- Problem description
Your answer should consist solely of the lines from the first line of the data through the line with "Il legno di", each reproduced exactly.

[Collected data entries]
──────
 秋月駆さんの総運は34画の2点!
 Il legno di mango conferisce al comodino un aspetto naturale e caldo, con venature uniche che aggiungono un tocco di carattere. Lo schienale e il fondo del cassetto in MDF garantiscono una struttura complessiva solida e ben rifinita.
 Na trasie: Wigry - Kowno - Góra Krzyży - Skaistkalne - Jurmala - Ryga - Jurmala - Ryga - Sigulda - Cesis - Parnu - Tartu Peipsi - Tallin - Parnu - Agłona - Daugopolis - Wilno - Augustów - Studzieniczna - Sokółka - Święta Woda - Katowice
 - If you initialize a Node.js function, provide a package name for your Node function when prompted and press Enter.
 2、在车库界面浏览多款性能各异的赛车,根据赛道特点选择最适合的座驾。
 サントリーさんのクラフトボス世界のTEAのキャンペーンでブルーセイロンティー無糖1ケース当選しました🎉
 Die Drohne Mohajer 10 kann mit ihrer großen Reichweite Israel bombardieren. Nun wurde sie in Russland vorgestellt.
──────
- Answer section
 秋月駆さんの総運は34画の2点!
 Il legno di mango conferisce al comodino un aspetto naturale e caldo, con venature uniche che aggiungono un tocco di carattere. Lo schienale e il fondo del cassetto in MDF garantiscono una struttura complessiva solida e ben rifinita.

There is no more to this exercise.